Activity. Please output the entries below from the line that contains "السعودية.. هيئة التأمين" through the final line, reproduced exactly and alone.

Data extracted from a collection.
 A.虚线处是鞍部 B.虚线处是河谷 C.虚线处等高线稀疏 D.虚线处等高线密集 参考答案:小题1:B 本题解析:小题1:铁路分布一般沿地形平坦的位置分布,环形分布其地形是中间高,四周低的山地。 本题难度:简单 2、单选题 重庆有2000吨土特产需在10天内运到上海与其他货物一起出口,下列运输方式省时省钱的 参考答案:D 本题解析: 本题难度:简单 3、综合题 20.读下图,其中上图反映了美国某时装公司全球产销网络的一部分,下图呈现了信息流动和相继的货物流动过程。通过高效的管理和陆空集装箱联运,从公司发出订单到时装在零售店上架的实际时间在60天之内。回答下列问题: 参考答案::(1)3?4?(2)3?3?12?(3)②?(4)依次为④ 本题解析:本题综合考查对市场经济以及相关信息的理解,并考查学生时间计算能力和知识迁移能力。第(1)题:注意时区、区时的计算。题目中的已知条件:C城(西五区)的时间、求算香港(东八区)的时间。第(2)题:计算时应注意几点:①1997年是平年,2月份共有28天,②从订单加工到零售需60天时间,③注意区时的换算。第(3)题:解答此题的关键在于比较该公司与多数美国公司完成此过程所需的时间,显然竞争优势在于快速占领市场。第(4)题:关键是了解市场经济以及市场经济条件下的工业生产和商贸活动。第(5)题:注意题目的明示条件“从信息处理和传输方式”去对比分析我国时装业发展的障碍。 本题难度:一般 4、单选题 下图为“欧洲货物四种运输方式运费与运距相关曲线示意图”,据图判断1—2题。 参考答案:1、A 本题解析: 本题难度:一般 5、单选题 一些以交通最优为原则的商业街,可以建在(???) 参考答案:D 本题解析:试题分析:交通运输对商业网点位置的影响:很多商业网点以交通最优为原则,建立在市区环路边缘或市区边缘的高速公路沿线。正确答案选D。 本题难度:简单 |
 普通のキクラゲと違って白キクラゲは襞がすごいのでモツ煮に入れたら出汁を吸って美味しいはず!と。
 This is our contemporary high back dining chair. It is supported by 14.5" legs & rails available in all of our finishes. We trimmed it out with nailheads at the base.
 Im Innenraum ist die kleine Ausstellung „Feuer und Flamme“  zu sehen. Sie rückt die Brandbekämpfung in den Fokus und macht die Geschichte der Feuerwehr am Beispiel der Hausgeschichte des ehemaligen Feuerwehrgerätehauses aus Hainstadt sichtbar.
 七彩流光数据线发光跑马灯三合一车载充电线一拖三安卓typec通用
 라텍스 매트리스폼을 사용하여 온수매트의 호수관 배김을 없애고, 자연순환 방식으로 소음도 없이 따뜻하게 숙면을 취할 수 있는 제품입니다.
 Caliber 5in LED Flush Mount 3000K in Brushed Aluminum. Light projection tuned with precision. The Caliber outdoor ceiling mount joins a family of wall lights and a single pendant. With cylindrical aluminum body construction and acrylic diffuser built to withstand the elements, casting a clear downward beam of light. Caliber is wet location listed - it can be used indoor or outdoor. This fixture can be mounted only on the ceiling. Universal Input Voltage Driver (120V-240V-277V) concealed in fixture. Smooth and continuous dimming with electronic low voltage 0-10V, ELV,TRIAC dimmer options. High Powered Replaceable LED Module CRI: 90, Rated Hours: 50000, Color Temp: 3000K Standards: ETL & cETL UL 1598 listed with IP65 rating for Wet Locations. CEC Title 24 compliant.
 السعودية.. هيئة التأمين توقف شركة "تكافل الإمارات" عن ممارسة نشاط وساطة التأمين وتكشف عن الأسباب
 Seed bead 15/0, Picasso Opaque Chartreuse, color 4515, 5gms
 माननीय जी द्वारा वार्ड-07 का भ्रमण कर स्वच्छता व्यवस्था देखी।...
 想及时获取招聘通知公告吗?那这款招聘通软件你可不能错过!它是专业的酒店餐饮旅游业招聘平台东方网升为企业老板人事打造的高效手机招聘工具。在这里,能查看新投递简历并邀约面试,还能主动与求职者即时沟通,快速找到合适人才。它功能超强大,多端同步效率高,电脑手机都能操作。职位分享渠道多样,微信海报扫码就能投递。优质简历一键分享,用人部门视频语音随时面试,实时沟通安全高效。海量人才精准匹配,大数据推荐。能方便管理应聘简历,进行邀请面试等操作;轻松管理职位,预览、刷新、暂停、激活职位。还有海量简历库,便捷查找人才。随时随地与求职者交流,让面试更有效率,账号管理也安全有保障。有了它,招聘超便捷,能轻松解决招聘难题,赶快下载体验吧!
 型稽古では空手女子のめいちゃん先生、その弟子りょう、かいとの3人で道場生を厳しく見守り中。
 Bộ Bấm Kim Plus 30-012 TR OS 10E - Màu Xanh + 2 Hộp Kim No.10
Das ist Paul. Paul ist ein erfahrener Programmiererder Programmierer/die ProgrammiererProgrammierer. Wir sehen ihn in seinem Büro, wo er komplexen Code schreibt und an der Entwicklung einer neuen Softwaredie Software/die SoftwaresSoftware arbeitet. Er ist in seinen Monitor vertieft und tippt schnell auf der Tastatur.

Result.
 السعودية.. هيئة التأمين توقف شركة "تكافل الإمارات" عن ممارسة نشاط وساطة التأمين وتكشف عن الأسباب
 Seed bead 15/0, Picasso Opaque Chartreuse, color 4515, 5gms
 माननीय जी द्वारा वार्ड-07 का भ्रमण कर स्वच्छता व्यवस्था देखी।...
 想及时获取招聘通知公告吗?那这款招聘通软件你可不能错过!它是专业的酒店餐饮旅游业招聘平台东方网升为企业老板人事打造的高效手机招聘工具。在这里,能查看新投递简历并邀约面试,还能主动与求职者即时沟通,快速找到合适人才。它功能超强大,多端同步效率高,电脑手机都能操作。职位分享渠道多样,微信海报扫码就能投递。优质简历一键分享,用人部门视频语音随时面试,实时沟通安全高效。海量人才精准匹配,大数据推荐。能方便管理应聘简历,进行邀请面试等操作;轻松管理职位,预览、刷新、暂停、激活职位。还有海量简历库,便捷查找人才。随时随地与求职者交流,让面试更有效率,账号管理也安全有保障。有了它,招聘超便捷,能轻松解决招聘难题,赶快下载体验吧!
 型稽古では空手女子のめいちゃん先生、その弟子りょう、かいとの3人で道場生を厳しく見守り中。
 Bộ Bấm Kim Plus 30-012 TR OS 10E - Màu Xanh + 2 Hộp Kim No.10
Das ist Paul. Paul ist ein erfahrener Programmiererder Programmierer/die ProgrammiererProgrammierer. Wir sehen ihn in seinem Büro, wo er komplexen Code schreibt und an der Entwicklung einer neuen Softwaredie Software/die SoftwaresSoftware arbeitet. Er ist in seinen Monitor vertieft und tippt schnell auf der Tastatur.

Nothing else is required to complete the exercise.